Write the general cost function formula.	\(C(x)=(\text{cost per unit})\cdot x+\text{fixed costs}\)
Substitute in the cost values.	\(C(x)=105x+7000\)
Answer the question.	The cost function is \(C(x)=105x+7000\) when \(x\) benches are sold.

b. The manufacturer sells each weight training bench for $245. We get the total revenue by multiplying the revenue per unit times the number of units sold.

Write the general revenue function.	\(R(x)=(\text{selling price per unit})\cdot x\)
Substitute in the revenue per unit.	\(R(x)=245x\)
Answer the question.	The revenue function is \(R(x)=245x\) when \(x\) benches are sold.

c. Essentially we have a system of linear equations. We will show the graph of the system as this helps make the idea of a break-even point more visual.

\[\left\{ \begin{array} {l} C(x)=105x+7000 \\ R(x)=245x \end{array} \right. \quad \text{or} \quad \left\{ \begin{array} {l} y=105x+7000 \\ y=245x \end{array} \right. \nonumber \]

d. To find the actual value, we remember the break-even point occurs when costs equal revenue.

Write the break-even formula.	\(C(x)=R(x)\)
Substitute \(C(x)=105x+7000\) and \(R(x)=245x\) into the formula.	\(105x+7000=245x\)
Solve for \(x\).	\(\begin{aligned} 7000&=140x \\ 50&=x\\ x&=50 \end{aligned}\)

When \(50\) benches are sold, the costs equal the revenue.

\(C(x)=105x+7000\)	\(R(x)=245x\)
\(C(50)=105(50)+7000\)	\(R(50)=245\cdot 50\)
\(C(50)=12,250\)	\(R(50)=12,250\)

When \(50\) benches are sold, the revenue and costs are both \($12,250\). Notice this corresponds to the ordered pair \((50,12250)\).

Try It \(\PageIndex{20}\)

The manufacturer of a weight training bench spends \($15\) to build each bench and sells them for \($32\). The manufacturer also has fixed costs each month of \($25,500\).

a. Find the cost function \(C\) when \(x\) benches are manufactured.

b. Find the revenue function \(R\) when \(x\) benches are sold.

c.
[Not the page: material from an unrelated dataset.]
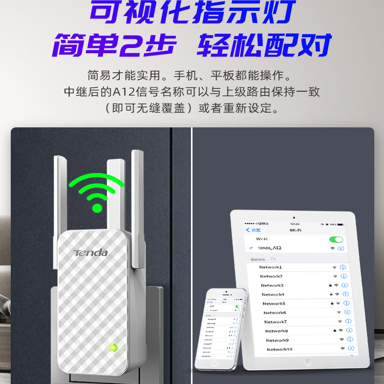 【官方自营】腾达A12 wifi信号增强器扩大器路由器中继器家用无线网络接收器扩展大功率wi-fi放大器加强器

Show the break-even point by graphing both the Revenue and Cost functions on the same grid.

d. Find the break-even point. Interpret what the break-even point means.

Answer

a. The cost function is \(C(x)=15x+25,500.\)

b. The revenue function is \(R(x)=32x.\)

c.

d. The break-even point is at \(1,500\). When \(1,500\) benches are sold, the cost and revenue will be both \(48,000\).

Try It \(\PageIndex{21}\)

The manufacturer of a weight training bench spends \($120\) to build each bench and sells them for \($170\). The manufacturer also has fixed costs each month of \($150,000\).

a. Find the cost function \(C\) when \(x\) benches are manufactured.

b. Find the revenue function \(R\) when \(x\) benches are sold.

c. Show the break-even point by graphing both the Revenue and Cost functions on the same grid.

d. Find the break-even point. Interpret what the break-even point means.

Answer

a. The cost function is \(C(x)=120x+150,000.\)

b. The revenue function is \(R(x)=170x.\)

c.

d. The break-even point is at \(3,000\). When \(3,000\) benches are sold, the revenue and costs are both \(\$510,000\).